# '93 climate control problems



## stingermaster (Feb 6, 2005)

I have a ’93 altima that was given to me. The only problem is the climate control. When I received it the fan only worked on high and only on defrost. I went to a local junkyard and removed a couple of climate controls from some junkers and installed one. Everything worked for about 5 minutes; each button did exactly what it was to do. Turned the climate control off and it’s exactly like it was before. Put the other one in and it did the same thing as the first replacement did. I thought that maybe one of the servo motors that control the vent doors and such might be pulling to much current and frying the chips in the climate control and maybe it defaults to defrost. Any ideas? Any help would be greatly appreciated,
Herb :waving:


----------



## stingermaster (Feb 6, 2005)

Surely someone has an idea to help me out!


----------



## KA24Tech (Feb 2, 2004)

Check the blower motor resistor. The resistor is located down under the passenger side of the dash behind the blower motor and unplug that connector. It make it much easier to test the resistor by removing it from the case which is done by removing the two screws holding it in place. Test the continuity between the four terminals on the resistor. keep the positve on the terminal the blue wire with the yellow stripe uses or looking at the connection it is the left pin with the space on the bottom.

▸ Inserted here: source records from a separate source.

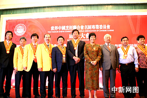 世界中国烹饪联合会名厨专业委员会今年一月经国家批准,正式注册,名称确定为“世界中国烹饪联合会名厨专业委员会(Famous Chef Committee of the World Association of Chinese Cuisine)”。简称“世烹联名厨委”,作为世烹联下设的二级机构同样将办公场所设在北京。旨在为加强国际中餐厨师的交流,提高中餐烹饪技艺水平及中餐厨师的国际地位。图为杨柳会长与首届委员们合影。
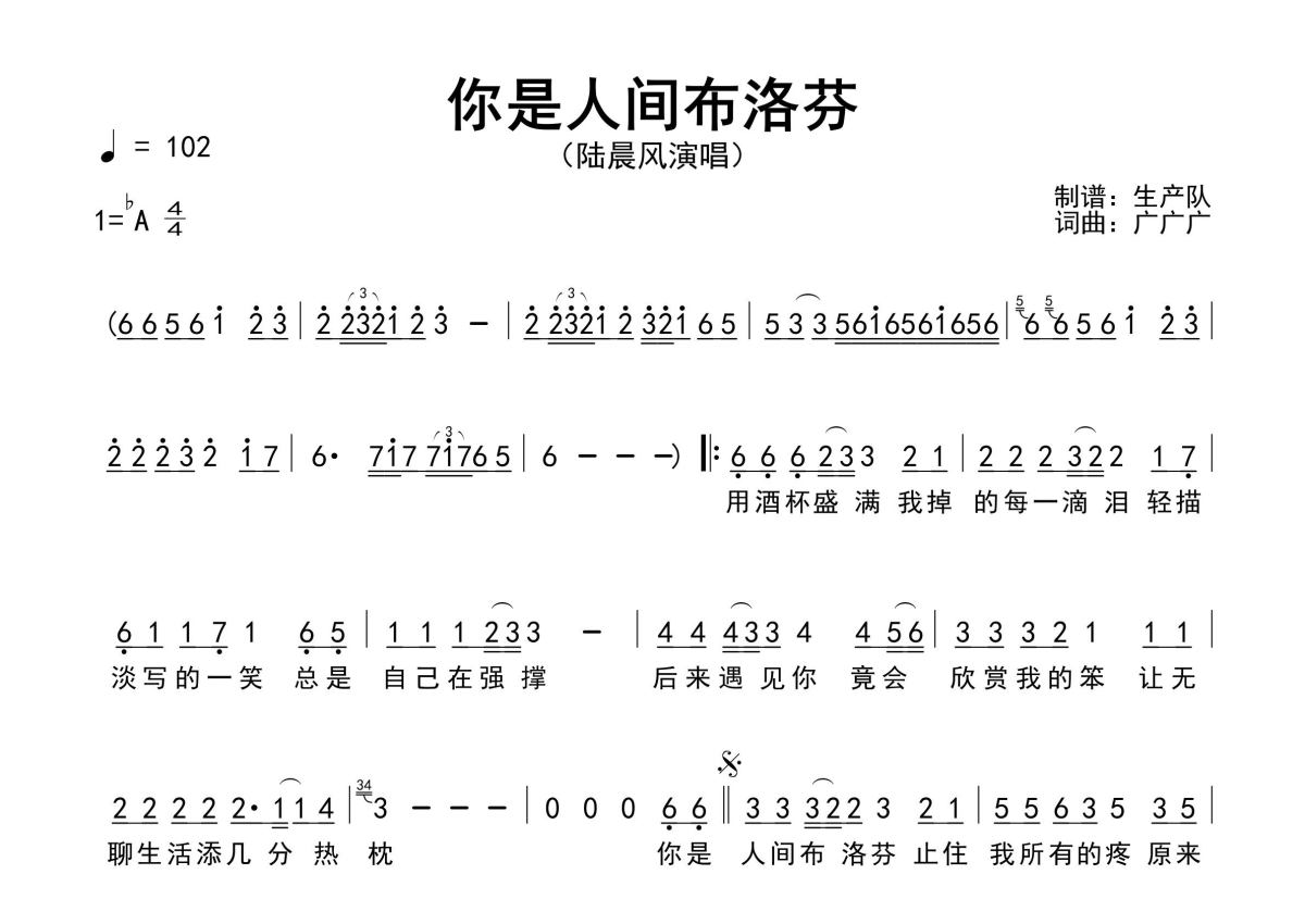 《你是人间布洛芬》是陆晨风演唱的一首歌曲,原版简谱,拍号为4/4拍,歌曲速度为每分钟102拍,这份简谱共有一张高清图谱,图谱由 @生产队 编配上传陆晨风演唱的歌曲《你是人间布洛芬》原版简谱,含精准的前奏、间奏solo编配,精编完美版,优质推荐!。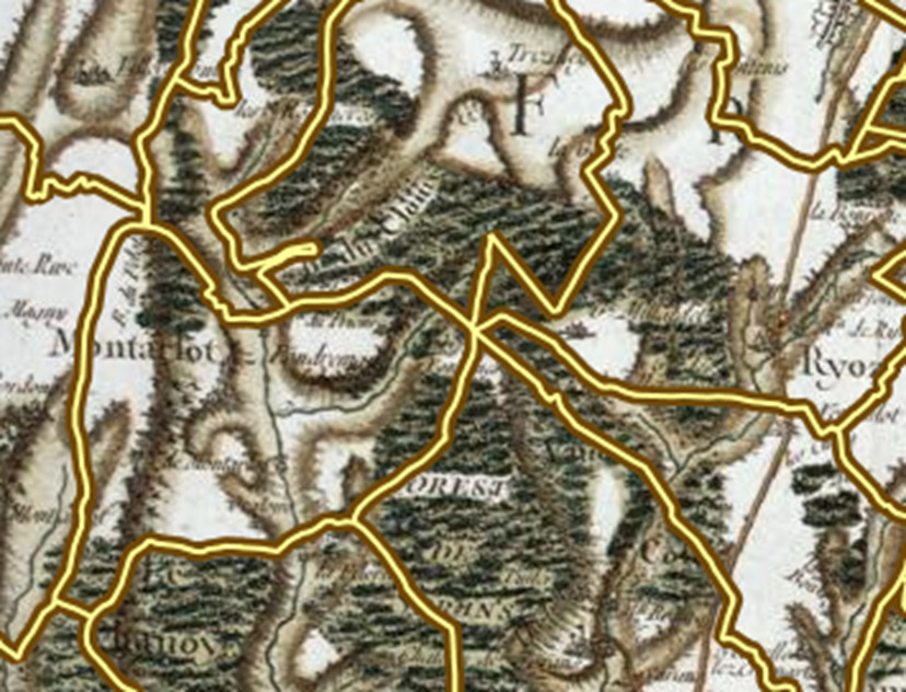 Pourquoi quatre bornes alors qu’à cet endroit précis on se retrouve en fait au croisement de cinq bans communaux. En ce lieu, les communes de RIOZ, NEUVELLES LES CROMARY, SORANS LES BREUREY, TRESILLEY ET MONTARLOT LES RIOZ se rejoignent. Déjà sur la carte de Cassini, cet endroit est identifié et il en est encore de même aujourd’hui sur les cartes d’Etat-Major.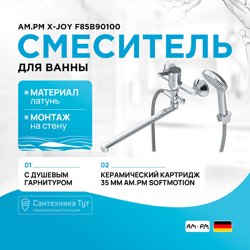 СохранитьСмеситель для ванны с душем AM.PM X-Joy S, с длинным поворотным изливом 350 мм, латунь, хром интересное: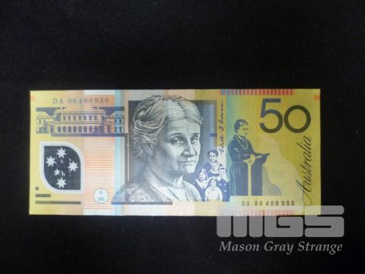 AUSTRALIA, $50 POLYMER BANKNOTE, LAST SIGNITURE PREFIX, EVANS/FRASER, DA 96400950 (CIRCULATED)
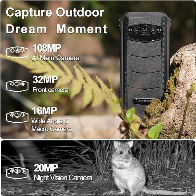 • 【108MP High-resolution & Night Vision Capturing】2023 newest DOOGEE S100 outdoor rugged phones with 108MP main camera, 32MP front-facing camera to shoot ultra-high-resolution pictures, capture ultra clear moments as memory. 20MP night vision camera to unveil the night sight. 8MP wide angle & macro camera for more sense view.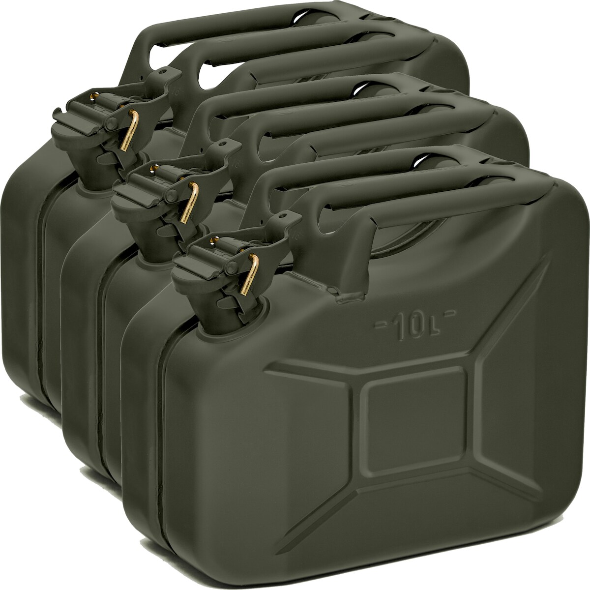 BW® Kraftstoffkanister Metall Benzinkanister 3x 10 Liter - Bronzegrün - RAL 6031-F9 - TÜV-geprüft und UN-Zulassung - Made in Europe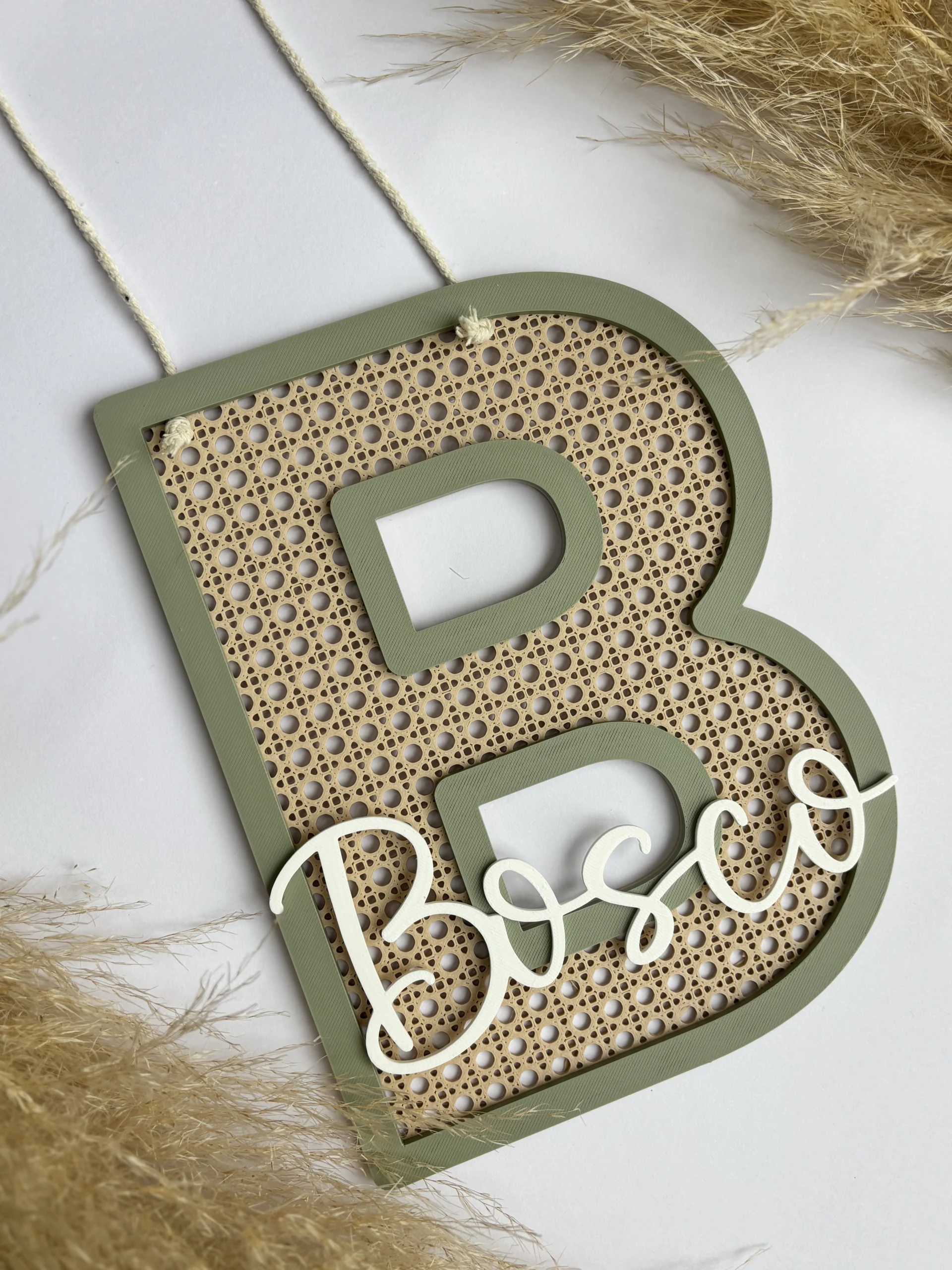 Personalízala con la inicial, el color del borde, el tono del ratán y el nombre que desees.

Each connection should show continuity or a varying amount of resistance but if one of them has nothing then replace the blower motor resistor (I think it runs about $28). Also with key in the "ACC" position and the fan speed in the "Off" position, check for a 12v input on the blue/white stripe wire on the resistor connector. 

If the resistor tests good then check the harness continuity between the resistor and the fan switch connector. The fan switch connector is behind the controls in the dash and has six pins with a large opening on the one end of the connector after removing the control panel. Orient the connector at the fan switch with the clip on top and the large opening on the right and also look at the resistor harness connector with the space on top, test the continuity with an ohmmeter starting with the second from the left going to the second from right on the fan switch connector and from left to right on the resistor connector. the wires are the same colors on each connector in case you wanted to make sure you were testing the right pins as well.

If you need anymore info I don't know because you eliminated the fan switch by swapping in two other sets of controls and the blower motor since it works on high, when the resistor circuit is bypassed.

Troy


----------